Ankara'da silahlı saldırıda öldürülen eski Ülkü Ocakları Başkanı Sinan Ateş'in faillerinin yargılandığı davanın karar duruşmasında Selma Ateş'e saldıran Mertcan Kılıç'ın saldırı için 3 bin lira aldığı ileri sürüldü.
Kılıç'ı duruşmanın görüldüğü Ankara 32'nci Ağır Ceza Mahkemesi'nin bulunduğu Sinan Cezaevine getiren ve saldırının azmettiricileri oldukları iddia edilen Servet Bozkurt ve Ümit Özdağ'ın saldırı anını telefonlar kaydettikleri ileri sürüldü.
Kılıç, Selma Ateş'e saldırısının ardından gözaltına alındıktan sonra tutuklanmıştı. Azmettiriciler oldukları iddia edilen Bozkurt ve Özdağ'ın ifadeleri de ortaya çıktı.
İsmail Saymaz Halk TV'de yazdığı yazısında Bozkurt'un Mertcan Kılıç'ı 'mahalleden tanıdığını kendisinden borç istediğini ve cezaevine birlikte geldiklerini söylediğini' belirtti.
Saymaz'ın yazısındaki ilgili kısım şöyle:
"Sinan Ateş Davası’nın son duruşmasının görüldüğü 2 Ekim’de, karar için ara verilince bütün taraflar Sincan F Tipi Kapalı Cezaevi önündeki bahçeye çıktı.
Sinan Ateş’in ablası Selma Ateş Kazanç, yanında eşi, annesi ve kız kardeşi ile bahçede bir masada oturmuş, Milli Yol Partisi Genel Başkanı Remzi Çayır’la sohbet ediyordu.
Mertcan Kılıç adlı saldırgan, Kazanç’ın arkasından yaklaşarak, boynundan tutup çekti.
Kazanç’ın eşi müdahale edince Kılıç, ona da vurdu.
Saldırgan, kendisini engellemek için yeltenen Ateş’in diğer ablası Sevda Ateş Yörükoğlu’nu yere düşürüp sürükledi.
Polis tarafından gözaltına alınan Kılıç, kadına karşı basit yaralama suçundan tutuklanarak, cezaevine gönderildi.
Mertcan Kılıç’ı azmettirdikleri iddia edilen Servet Bozkurt ve Ümit Özdağ yakalandı.
Bu iki kişinin Kılıç’a 3 bin TL verdiği ileri sürülüyor.
Kılıç’ı taksiyle cezaevine getiren Bozkurt ve Özdağ’ın saldırıyı telefonla kaydettileri savunuluyor.
Bozkurt, ifadesinde Kılıç’ı mahalleden tanıdığını, o gün Sincan F Tipi Cezaevi yerleşkesine aynı araçla geldiklerini iddia etti.

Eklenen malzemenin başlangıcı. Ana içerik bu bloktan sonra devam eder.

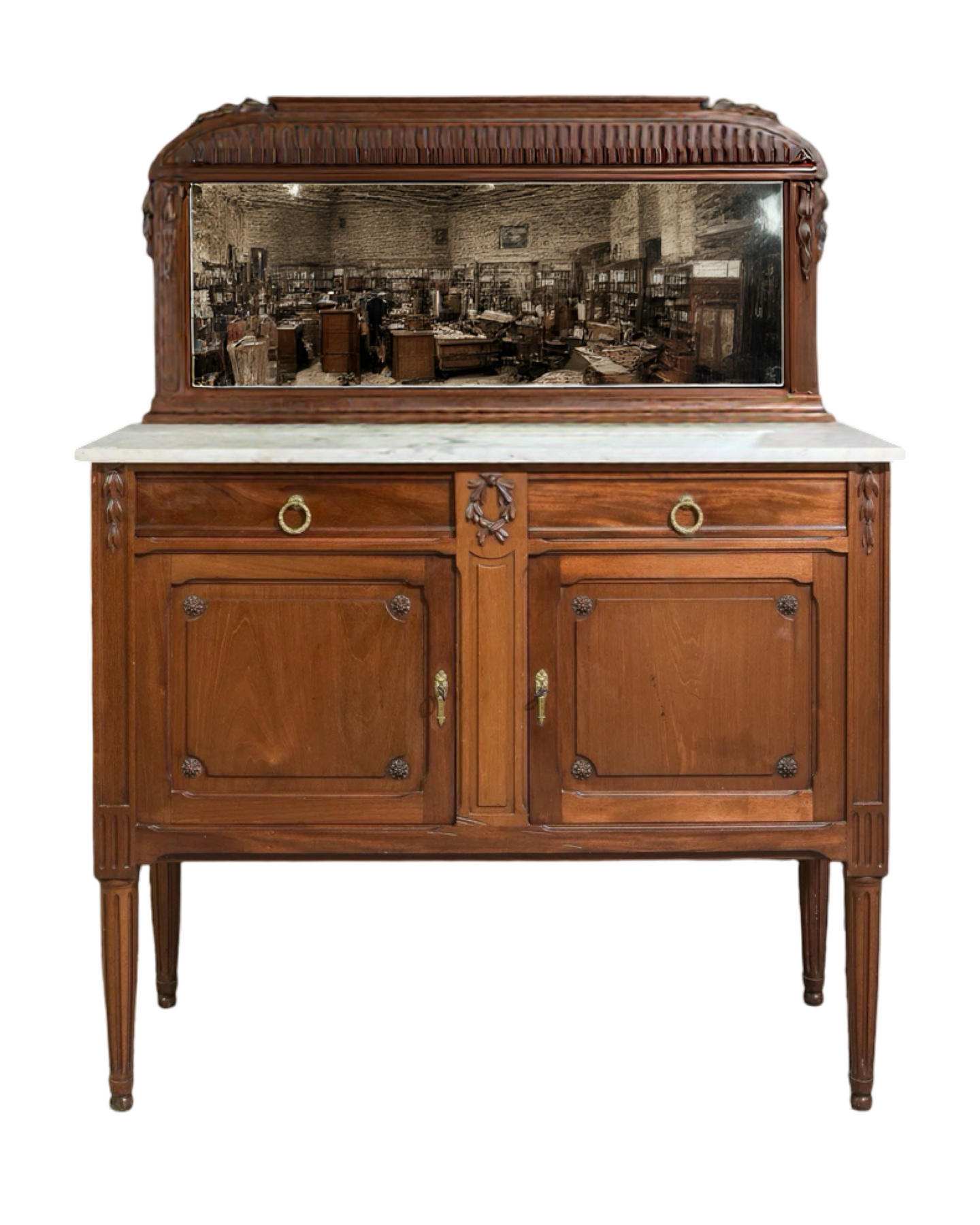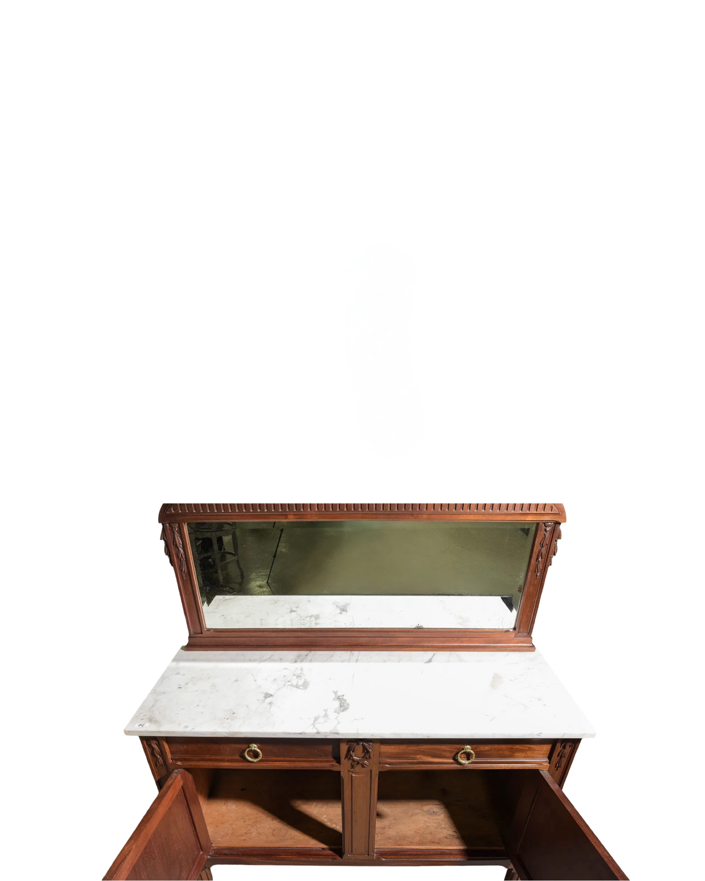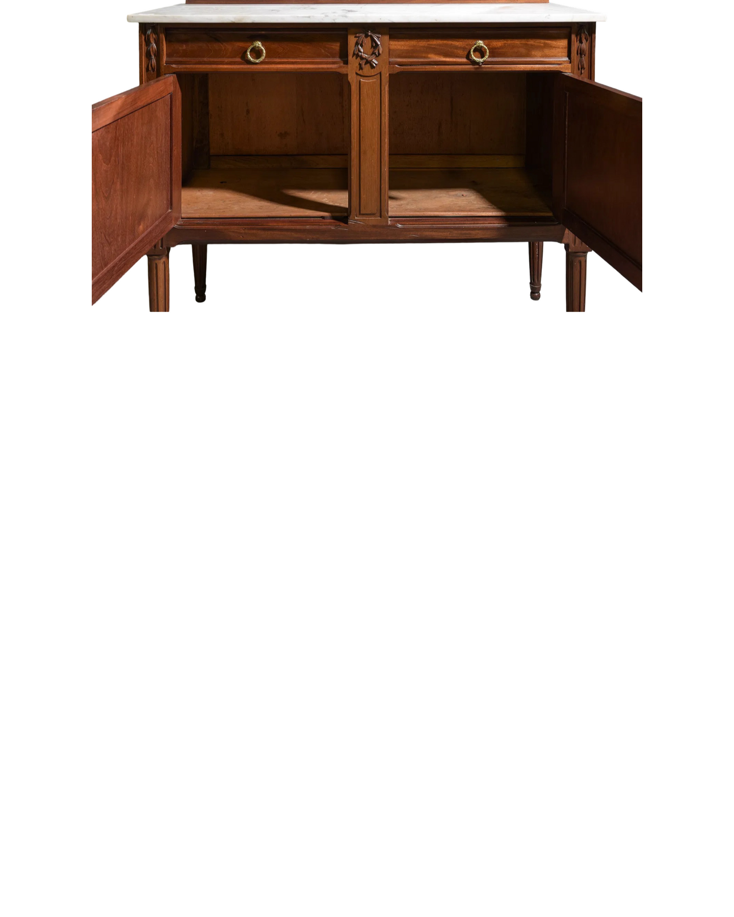 Elevate your space with this Antique French Louis XVI server, featuring an elegant white marble top that radiates classic sophistication. Its timeless design and craftsmanship add a refined touch to any room, perfect for displaying cherished items or serving guests in style. Combining beauty and function, this server is an exquisite statement piece that enhances your home’s charm and elegance. Buffet Measures: 62.25 in tall x 49 x 19.

Kılıç’a borç verdiğini ileri süren Bozkurt, şunları söyledi:
“Mertcan, mahallemin çocuğudur, oradan tanırım. Mertcan, cezaevine gideceğini söyledi. Ben de arkadaşımı ziyaret etmek için gidecektim. Bu sebeple cezaevine gittik. Fakat söz konusu olaylar neticesinde arkadaşımı ziyaret edemedim. Mertcan, mahalleden tanıdığım için borç istemişti. Bundan dolayı kendisine para verdim. Kesinlikle azmettirmedim.”
Özdağ ise olay günü Bozkurt’un “Cezaevine para yatırmaya gideceğim” dediğini ileri sürdü. Kılıç’ın Bozkurt’u aradığını öne süren Özdağ, şöyle devam etti:
“Kılıç, bizim olduğumuz aynalı fırının oraya geldi. Servet’ten borç istedi. O da 3 bin TL verdi. Mertcan da cezaevine para yatıracağını söyledi. Hep beraber cezaevine para yatırmaya gittik. Gidişiyimiz taksiyleydi.”
Özdağ, cezaevi önünde indiklerini, taksiyi gönderdiklerini ileri sürerek, “Servet abi içeriye sordu. Elden para almayacaklarını söyleyince otobüsle dönmeye karar verdik” dedi.
Bu sırada, kafeteryadan çay aldıklarını savunan Özdağ, şunları söyledi:
“Mertcan’ın kavga ettiğini gördüm. Servet abiye sorduğumda, ‘Sinan Ateş’in ablasına vurmuş, onlar da bunu dövmüş’ dedi. Ortalık kalabalıklaşınca Servet abi, ‘Biz buradan gidelim’ dedi. Taksiye binip uzaklaştık.”
İki kişi yurt dışına çıkış yasağı ve konutu terk etmeme tedbiri konarak, tutuksuz yargılanmak üzere serbest bırakıldı."